Work to be completed: Please give back the lines from the line containing "2021年,經(jīng)中" through the end of the listing below, exactly as written and without pictures.

Supplied information:

##########

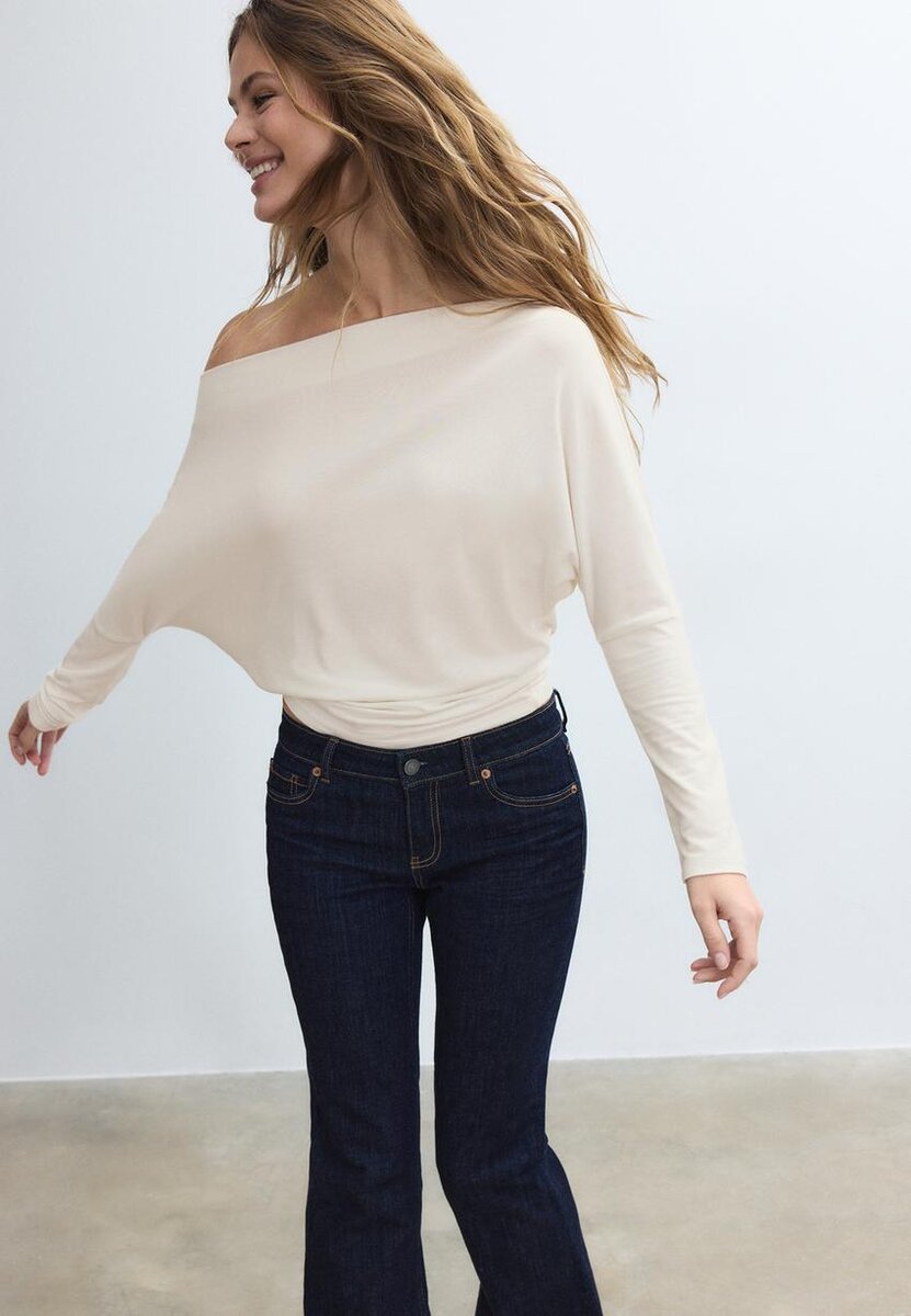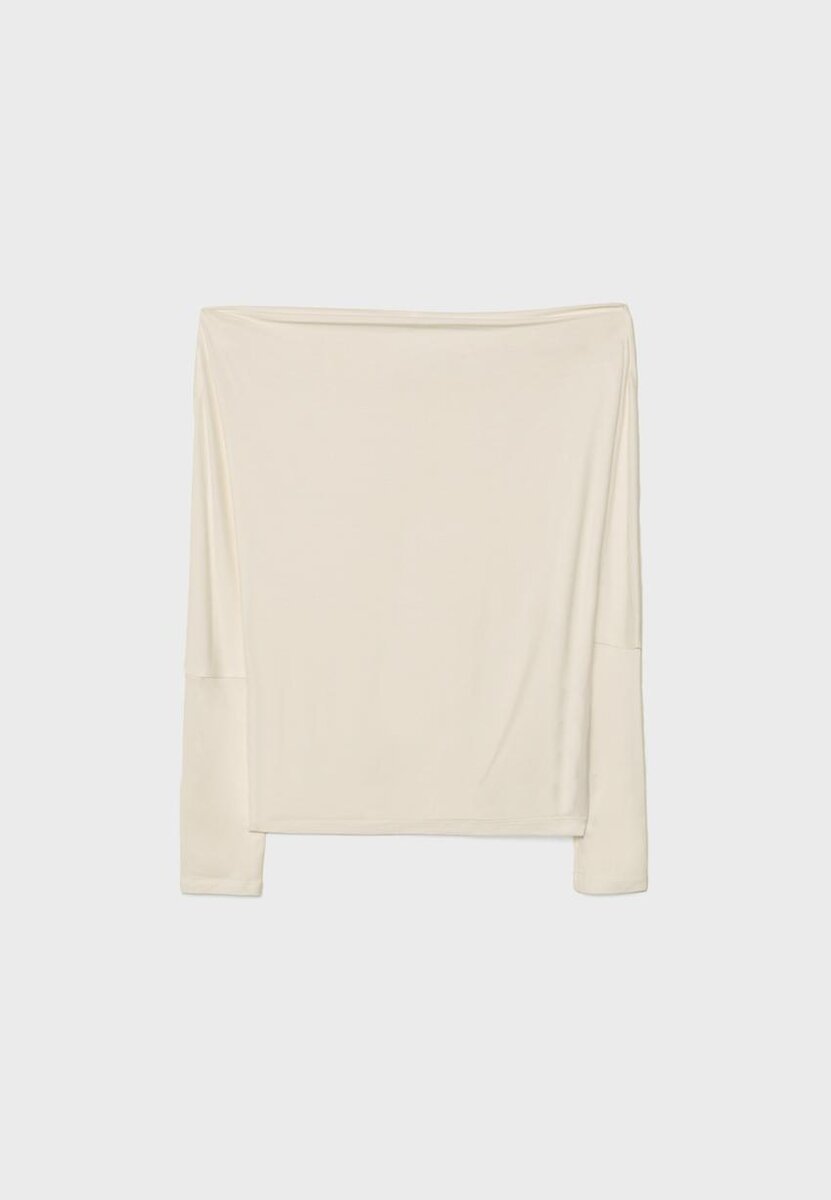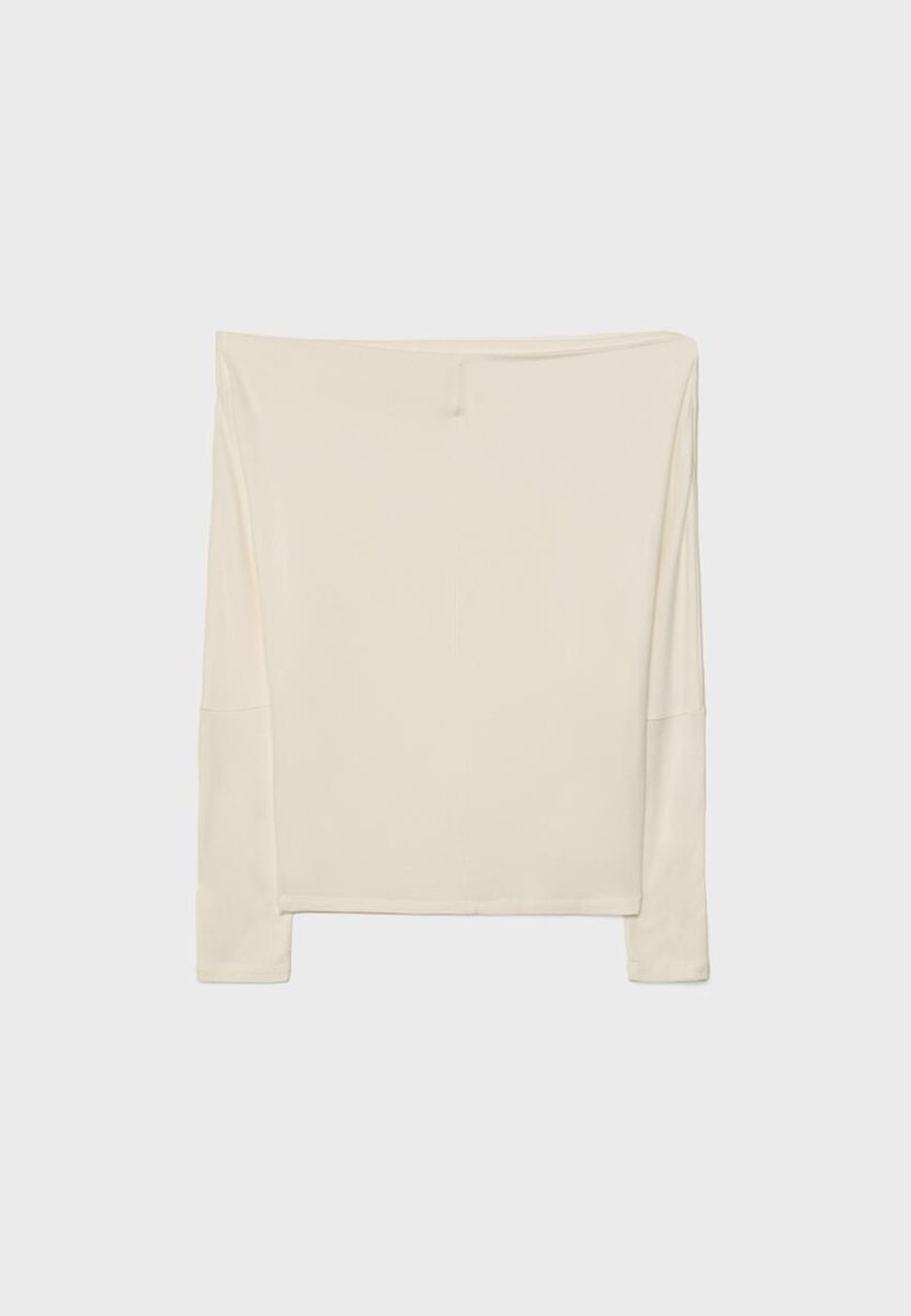 Flytende Soft-Touch-T-skjorte. Asymmetrisk halsutringning og lange ermer med mansjetter og bar skulder. Tilgjengelig i ulike farger.
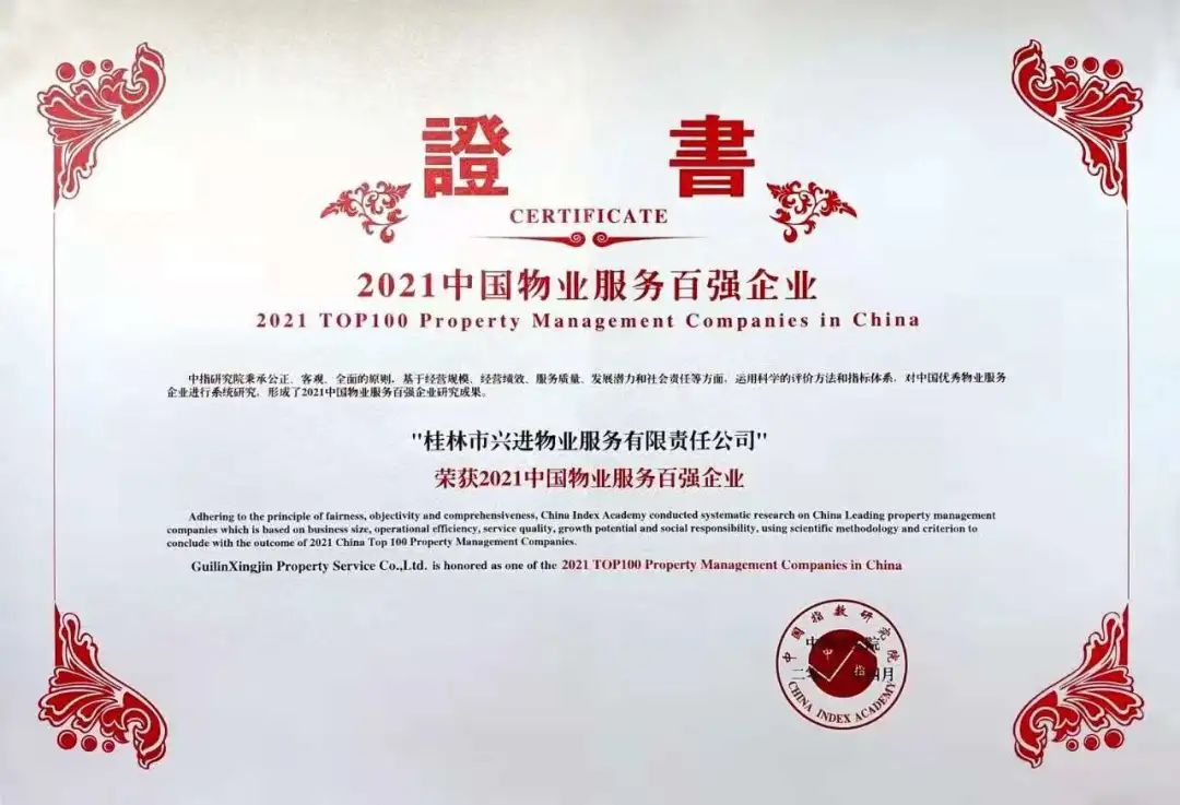 2021年,經(jīng)中指研究院、中國房地產(chǎn)TOP10研究組研究調(diào)查,興進(jìn)物業(yè)榮膺2021年年度中國物業(yè)服務(wù)百強(qiáng)企業(yè)第85位,是桂林市2021年度唯一登榜企業(yè)。自2001年成立以來,興進(jìn)物業(yè)憑借一整套與眾不同的管理制度與服務(wù)標(biāo)準(zhǔn),贏得業(yè)主的支持與信賴,屢獲業(yè)界殊榮。
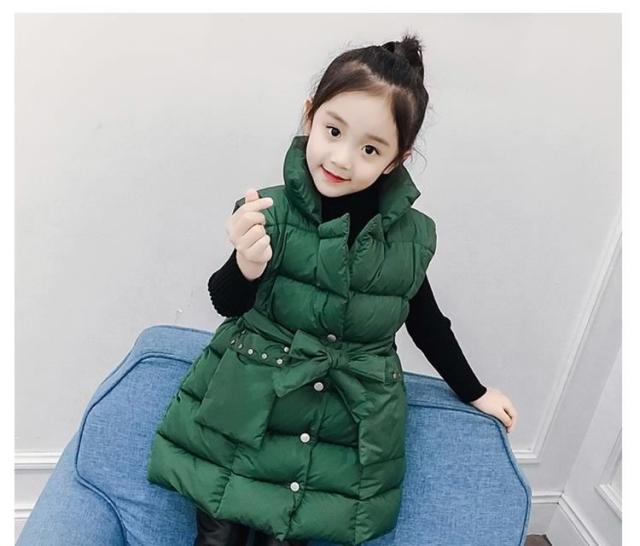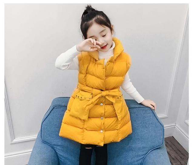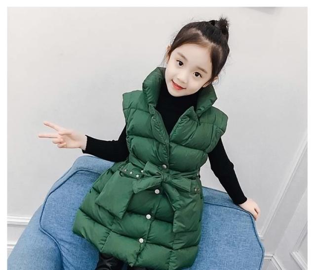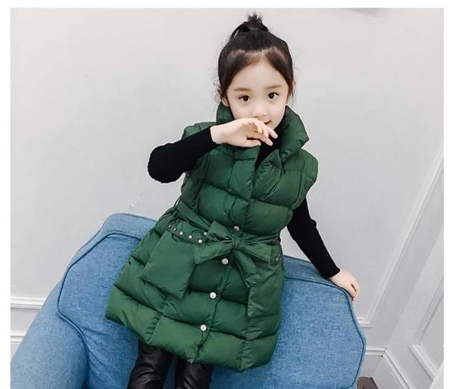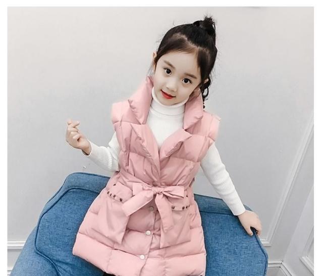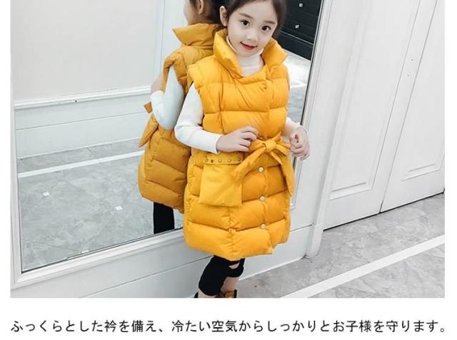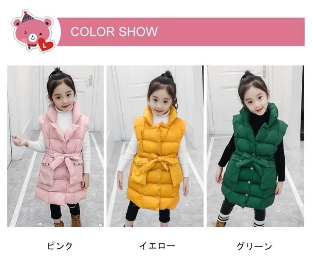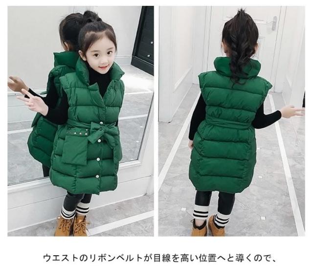 キッズ中綿いりベスト 女の子ベスト 子供服 リボン ベルト キュート アウター リベット お洒落 スナップボタン カジュアル

##########

Output for this task:
 2021年,經(jīng)中指研究院、中國房地產(chǎn)TOP10研究組研究調(diào)查,興進(jìn)物業(yè)榮膺2021年年度中國物業(yè)服務(wù)百強(qiáng)企業(yè)第85位,是桂林市2021年度唯一登榜企業(yè)。自2001年成立以來,興進(jìn)物業(yè)憑借一整套與眾不同的管理制度與服務(wù)標(biāo)準(zhǔn),贏得業(yè)主的支持與信賴,屢獲業(yè)界殊榮。
 キッズ中綿いりベスト 女の子ベスト 子供服 リボン ベルト キュート アウター リベット お洒落 スナップボタン カジュアル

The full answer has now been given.